(Information provided Opens)

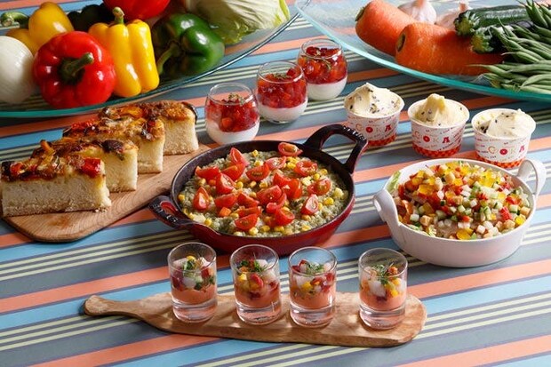 近鉄百貨店 あべのハルカス近鉄本店で開催される「ハルカスベジフェス!」とのコラボレーションメニューも登場。「緑黄色野菜とチキンのリゾット ジェノベーゼ風味」や「鶏ハムと緑黄色野菜をつかったアグロピカンテのサラダ」、「人参ムースと海老のマチェドニア」など、彩り豊かで野菜の魅力があふれる品々が揃う。スイーツ感覚で楽しめる「とうもろこしとチョコレートのジェラート」なども用意されるので、野菜の新たなおいしさを発見して。
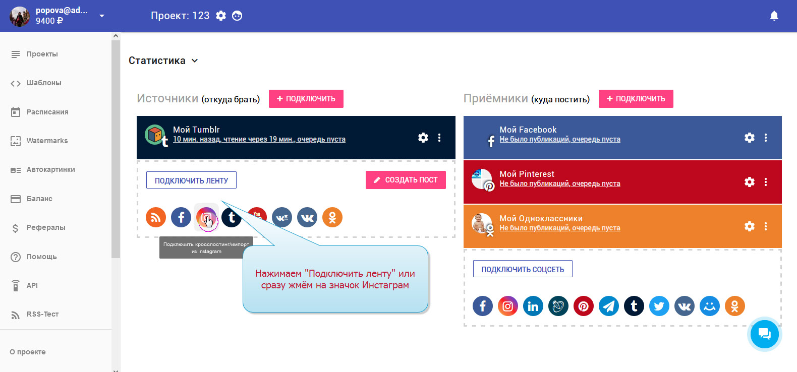 3. В колонке "Источники" нажимаем "ПОДКЛЮЧИТЬ ЛЕНТУ" или просто жмём значок Instagram.
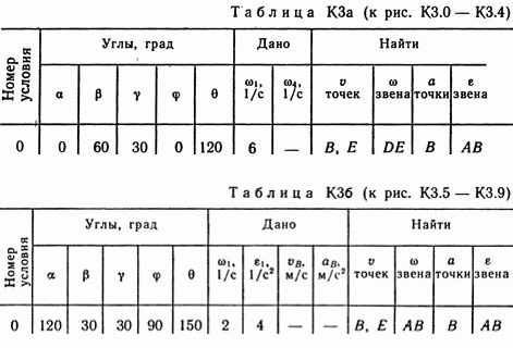 Решение задачи К3 Вариант 60. Задание: Плоский механизм состоит из стержней 1, 2, 3, 4 и ползуна В или Е (рис. КЗ.0 — К3.7) или из стержней 1, 2, 3 и ползунов В и E (рис. К3.8, К3.9), соединенных друг с другом и с неподвижными опорами O1, O2 шарнирами; точка D находится в середине стержня АВ. Длины стержней равны соответственно l1 = 0,4 м, l1 = 1,2 м, l3 = 1,4 м, l4 = 0,6 м. Положение механизма определяется углами α, β, γ, φ, θ. Значения этих углов и других заданных величин указаны в табл. КЗа (для рис. 0—4) или в табл. КЗб (для рис. 5—9); при этом в табл. КЗа ω1 и ω4 — величины постоянные. Определить величины, указанные в таблицах в столбцах «Найти». Дуговые стрелки на рисунках показывают, как при построении чертежа механизма должны откладываться соответствующие углы: по ходу или против хода часовой стрелки (например, угол γ на рис. 8 следует отложить от DB по ходу часовой стрелки, а на рис. 9 — против хода часовой стрелки и т. д.). Построение чертежа начинать со стержня, направление которого определяется углом α; ползун с направляющими для большей наглядности изобразить так, как в примере КЗ (см. рис. КЗб). Заданные угловую скорость и угловое ускорение считать направ¬ленными против часовой стрелки, а заданные скорость vB и ускорение аB — от точки В к b (на рис. 5—9).
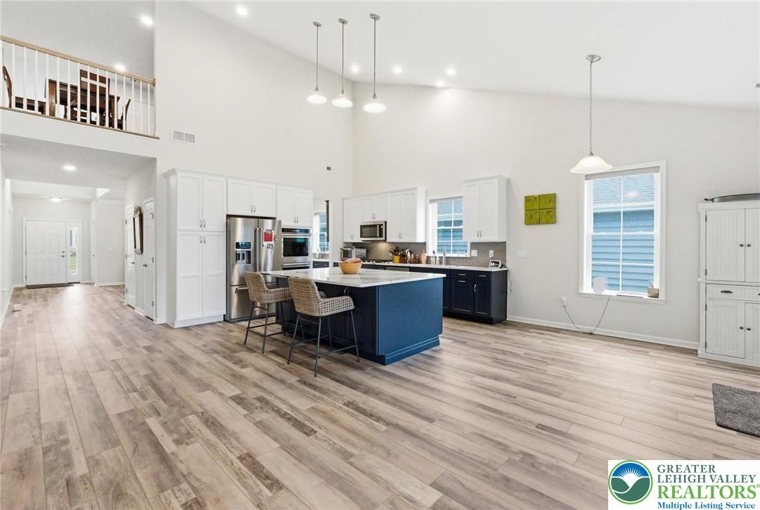 - Cathedral Ceiling(s), Dining Area, Separate/Formal Dining Room, Eat-in Kitchen, High Ceilings, Kitchen Island, Vaulted Ceiling(s)
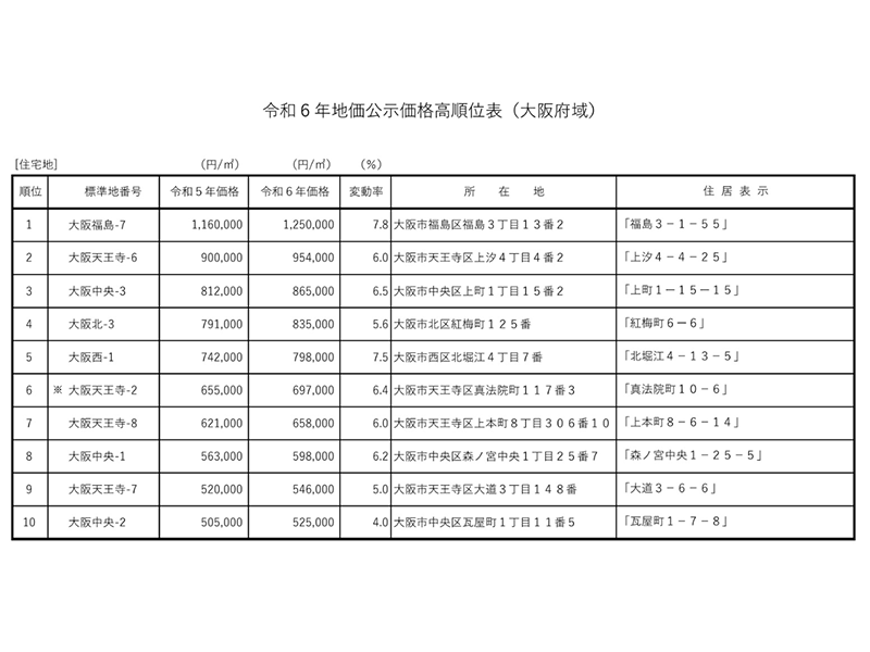 「大阪中央5-19」の上昇率は、全国の商業地のなかでも8位にランクインする上昇率となっている。
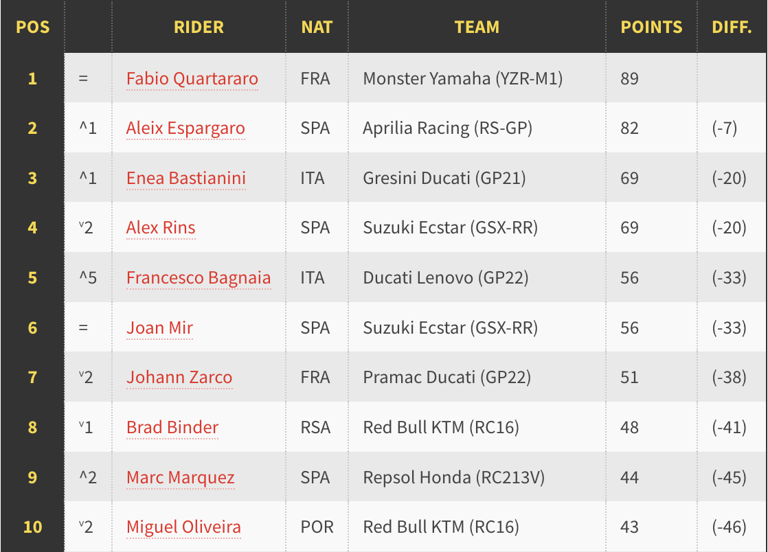 Quartararo menamatkan saingan di tempat kedua di Litar Jerez, di depan Aleix Espargaro (Aprilia), manakala tempat keempat menjadi milik juara dunia MotoGP enam kali, Marc Marquez. Rakan sepasukan Bagnaia, Jack Miller akhir dengan kedudukan tempat kelima dengan mengumpul 11 mata.
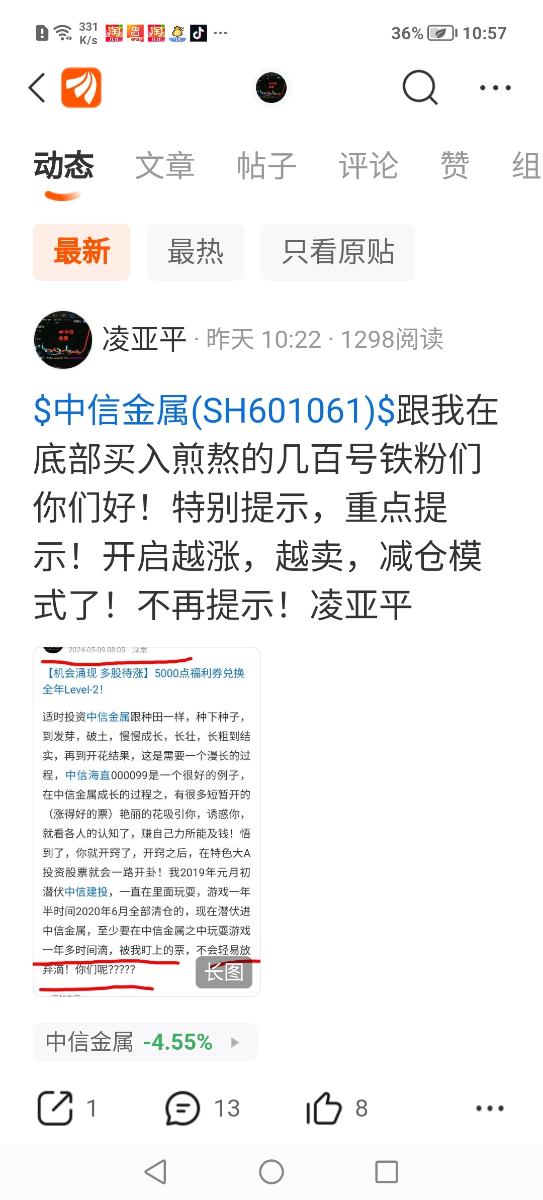 $中信金属(SH601061)$ 我不建议我几百号铁粉跟我玩上升趋势30分钟支撑位做T操作交易!一不小心就会玩坏心态!纯属个人观点,仅供参考
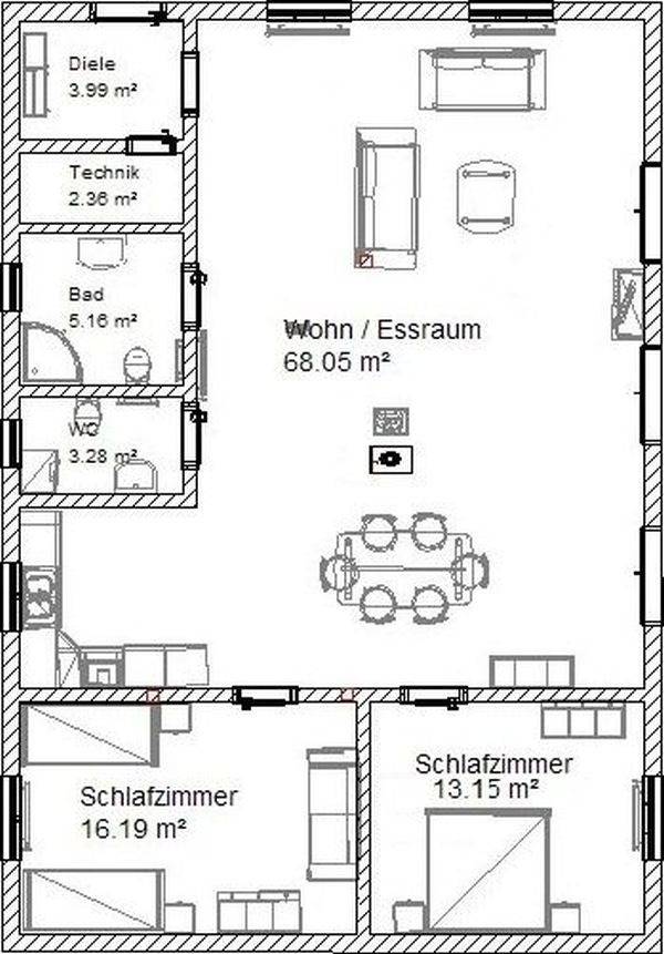 Unser hochwertig eingerichtetes, 112 qm großes Ferienhaus bietet Platz für bis zu 6 Personen. Es verfügt über einen sehr großzügigen Wohn-Essbereich, von dem aus man einen freien Blick in die Angelner Knicklandschaft genießen kann. Die moderne Küche ist harmonisch in den Wohnbereich eingebunden und hat einen Kühlschrank, einen Herd mit Ceranfeld und einen Backofen. Geschirrspüler, Wasserkocher, Kaffeemaschine, Toaster und Mikrowelle sowie Töpfe und Pfannen gehören zur Ausstattung dazu. Für den gemütlich gedeckten Tisch sind ausreichend Besteck, Gläser und Geschirr vorhanden. Ein Fondue und ein Raclette für gemütliche Stunden runden das Ganze ab.
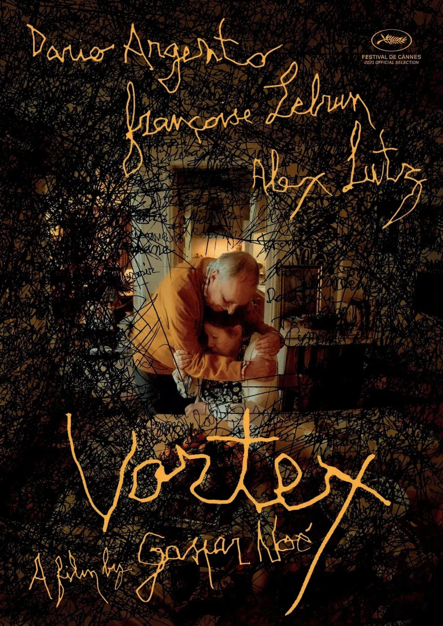 Pour Vortex, Gaspar Noé confie l’affiche à Laurent Lufroy, maître de l’image cinématographique et auteur de centaines de visuels pour Godard, Lynch ou Carax. Résultat : une composition saisissante, dominée par des rouges et des oranges brûlants, sur laquelle le titre semble griffonné à la hâte, nerveux, instable.
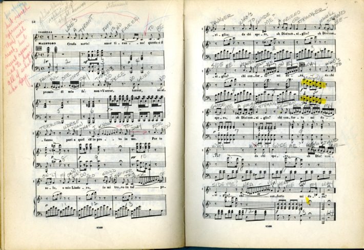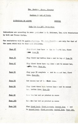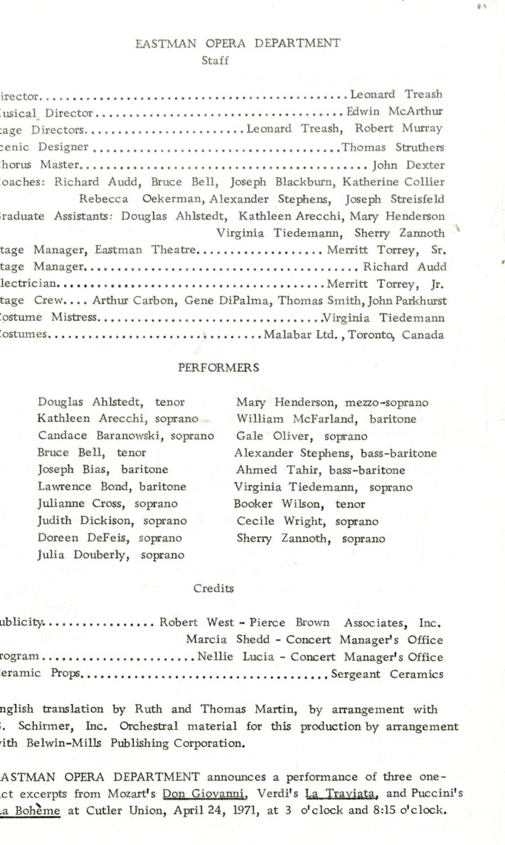 Master tapes of both of the Eastman performances are extant in the Eastman Audio Archive; each cast recording clocks in at just over two hours and two minutes. Photographer Louis Ouzer was present on March 19th, 1971 at what appears to have been the dress rehearsal, and snapped a copious number of shots of the performers in action and in repose. In addition, director Treash’s two vocal scores (Ricordi and G. Schirmer) and various notes and production papers are preserved in the Leonard Treash Collection at the Sibley Music Library.
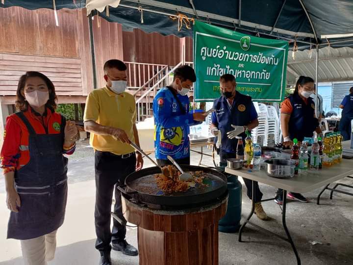 วันศุกร์ที่ 14 ตุลาคม 2565 ว่าที่ร้อยตรี ทรงพล แป้นแก้ว นายอำเภอเมืองลพบุรี พร้อมด้วย นายพูลสวัสดิ์ ถือคง นายกเทศมนตรีตำบลเขาพระงาม คณะผู้บริหาร หัวหน้าส่วนราชการ กำนัน ผู้ใหญ่บ้าน ร่วมประชุมวางแผนแก้ไขปัญหาสถานการณ์อุทกภัยในพื้นที่ตำบลเขาพระงาม และร่วมประกอบอาหาร (ผัดไทย) ที่ได้รับการสนับสนุนวัตถุดิบ เพื่อแจกจ่ายให้กับผู้ประสบอุทกภัย ณ ศูนย์อำนวยการป้องกันและแก้ไขปัญหาอุทกภัย เทศบาลตำบลเขาพระงาม
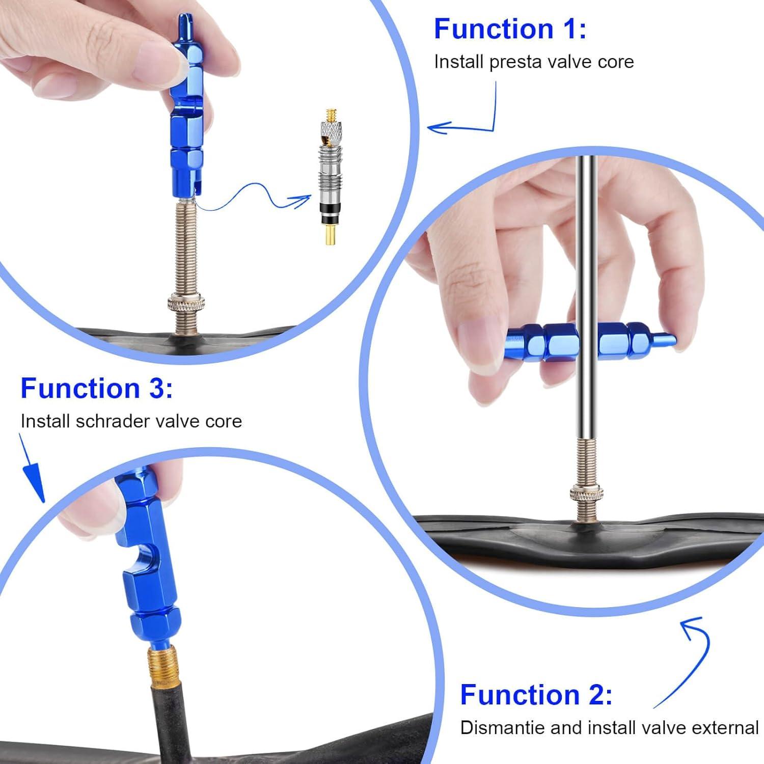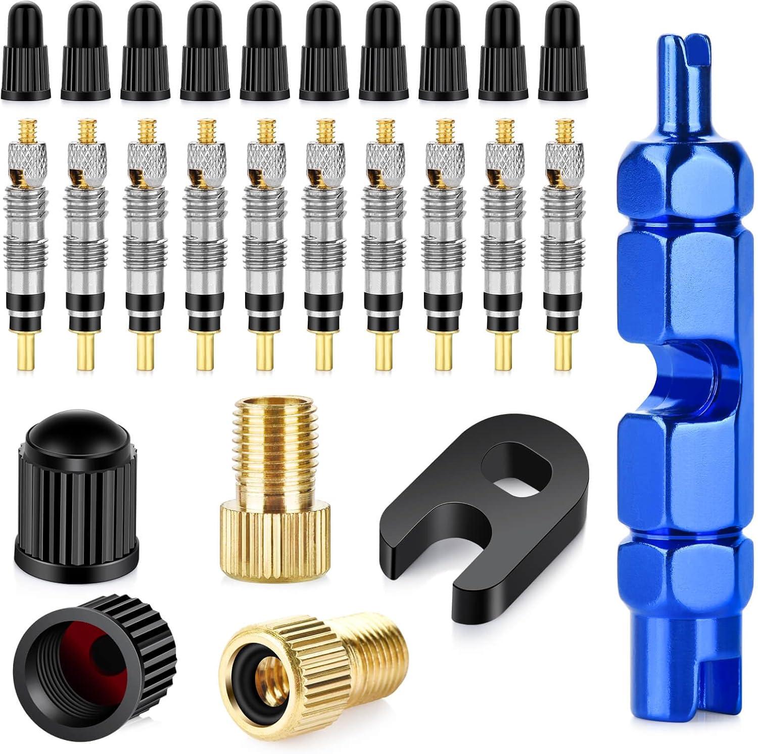 26 Pieces Presta Valve Core Repair Kit,Tubeless Valve&Presta Valve Caps;Valve Core Removal Tool and apter with Black Tire Valve Caps
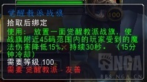 觉醒教派战旗:放置一面觉醒教派战旗,使战旗附近45码内的玩家收到的魔法伤害降低15%,持续30秒。

(Information provided Closes)

**Task instructions:** From the first line of the entries down to the line with "3. В колонке", print each line exactly; omit any picture.

**Task result:**
 近鉄百貨店 あべのハルカス近鉄本店で開催される「ハルカスベジフェス!」とのコラボレーションメニューも登場。「緑黄色野菜とチキンのリゾット ジェノベーゼ風味」や「鶏ハムと緑黄色野菜をつかったアグロピカンテのサラダ」、「人参ムースと海老のマチェドニア」など、彩り豊かで野菜の魅力があふれる品々が揃う。スイーツ感覚で楽しめる「とうもろこしとチョコレートのジェラート」なども用意されるので、野菜の新たなおいしさを発見して。
 3. В колонке "Источники" нажимаем "ПОДКЛЮЧИТЬ ЛЕНТУ" или просто жмём значок Instagram.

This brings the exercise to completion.